SAN ANTONIO — The National Coalition of Associations of 7-Eleven Franchisees (NCASEF) is again leveling criticism at 7-Eleven Inc., alleging that the franchisor’s corporate management “has continued to ignore requests from franchise owners to create a more transparent relationship.”
According to NCASEF Chairman Jay Singh, “It seems clear 7-Eleven’s leadership in Dallas and Tokyo are not interested in the best interest of franchise owners. We continue to see the company taking steps that benefit its income statement and balance sheet without consideration for store-level profits.”
NCASEF said it believes a change in corporate leadership would help make the company “more appealing” to new and existing franchisees. “Leadership has failed to establish a collaborative, transparent way of doing business with its franchise owners,” Singh said. “As a result, people are not rushing in to buy available stores.”
The group also claims that “franchisees are leaving the system, creating a glut of available stores across the nation.”
According to NCASEF, publicly available franchising data from 7-Eleven shows that 18% of 7-Eleven stores in the United States are available for franchising. Since April 2018, the number of available stores has increased more than 57%, from 999 to 1,578, and stores owned by a franchisee and put up for sale (known as goodwill stores) have increased more than 314% in Illinois, 95% in California, 84% in Virginia, 60% in Washington and 39% in New York. Completed sales of franchised stores more than quadrupled from 2013 to 2018, and turnover of franchised stores due to terminations, nonrenewals and abandonments doubled from 150 in 2013 to 314 in 2018.
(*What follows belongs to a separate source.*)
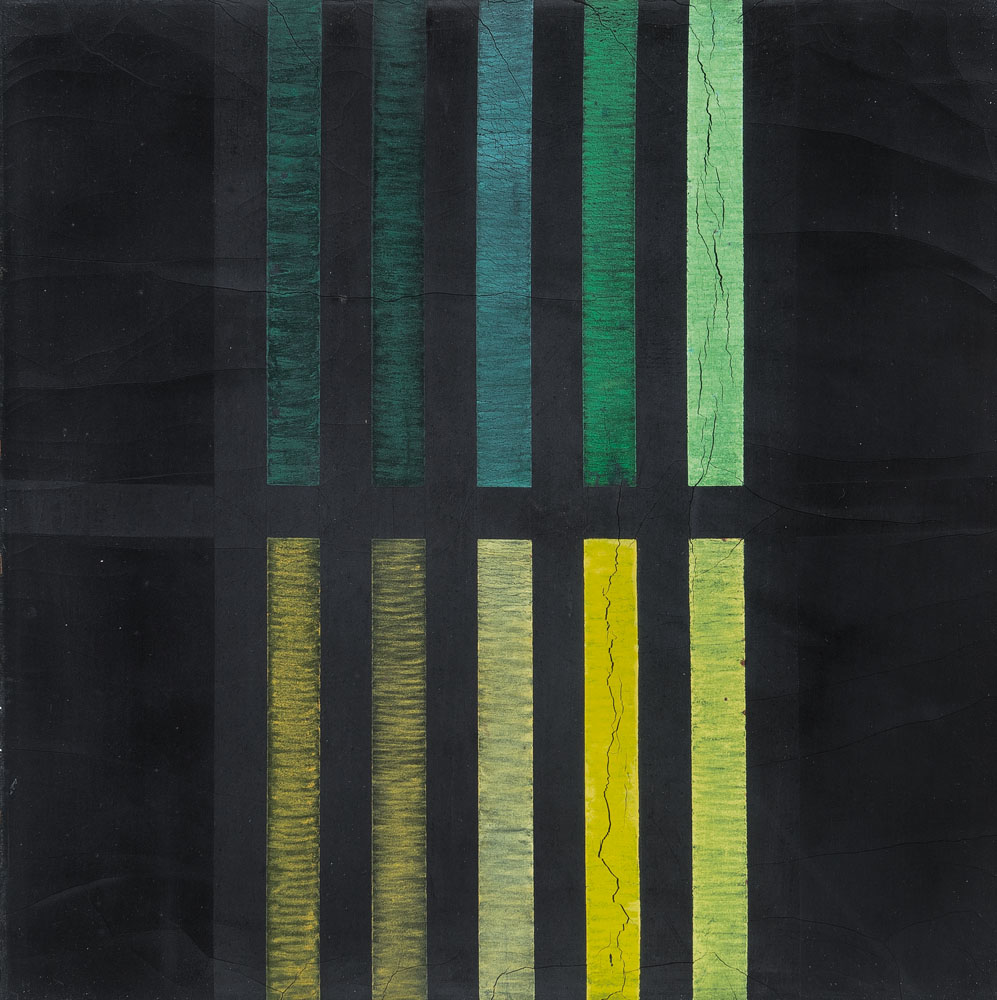 supporto gomma cm. 51x51, firme e anni al retro, etichetta e timbri con dicitura: proprietà del Gruppo '73 Firenze al retro.

In a statement provided to CSP Daily News, 7-Eleven said, “We are proud of the recent growth toward our goal to double the size of the system by 2027. Through the acquisition of over 1,000 Sunoco stores as well as organic new store growth, we now have 1,385 stores available to be franchised. That’s 185 more stores than this time last year, with 158 of those coming from the Sunoco deal, providing more opportunity for franchisees to grow their businesses or new entrepreneurs to join the system.”
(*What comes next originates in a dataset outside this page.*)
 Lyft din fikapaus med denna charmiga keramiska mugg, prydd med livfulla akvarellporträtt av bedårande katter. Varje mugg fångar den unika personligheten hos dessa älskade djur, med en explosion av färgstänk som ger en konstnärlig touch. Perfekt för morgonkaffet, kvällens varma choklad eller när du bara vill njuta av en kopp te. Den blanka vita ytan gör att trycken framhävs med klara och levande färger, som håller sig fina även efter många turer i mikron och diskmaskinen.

The gross margin for franchisees has been declining, NCASEF said, yet 7-Eleven has started taking a bigger portion of the declining gross revenues, the group claimed. The new 2019 franchise agreement calls for a much steeper gross-profit split, with a marginal rate as high as 59% in favor of the company, directly hitting high-performing stores in California and New York, said the group.
“During the past 10 years, the 7-Eleven brand has generated over $15 billion in earnings for franchisees across the country,” 7-Eleven said in its statement. “In fact, average franchisee gross income is at an all-time high. The opportunity with the brand is tremendous, as attested by the 4,700 franchisees that signed a new 15-year franchise agreement in the last 12 months and continued robust interest from entrepreneurs looking to franchise with this system.”
Franchisees are also required to purchase 85% of their products from 7-Eleven’s supply chain, which does not guarantee the lowest cost of goods, said NCASEF.
“The corporation benefits from the supply chain, even as store-level profits are sinking,” Singh said. “And now with the new 7Rewards program, franchisees are under pressure to sell food and beverages at a discount.”
The criticism is the latest round in a contentious relationship between the c-store retailer and some of its store owners. NCASEF has issues with 7-Eleven’s new franchise agreement, which the group said gives 7-Eleven more control over its operators. NCASEF’s board took a vote of “no confidence” in 7-Eleven management in late 2018, and it urged its members to boycott 7-Eleven’s annual trade show.
San Antonio-based NCASEF is the national trade association for 7-Eleven franchisees, representing the owners of nearly 7,000 franchised locations in the United States.
Irving, Texas-based 7-Eleven Inc., a unit of Seven & i Holding Co. Ltd., Tokyo, operates, franchises or licenses more than 66,000 stores in 17 countries, including about 9,100 in the United States. 7-Eleven is No. 1 in CSP’s2019 Top 202 ranking of c-store chains by number of company-owned retail units.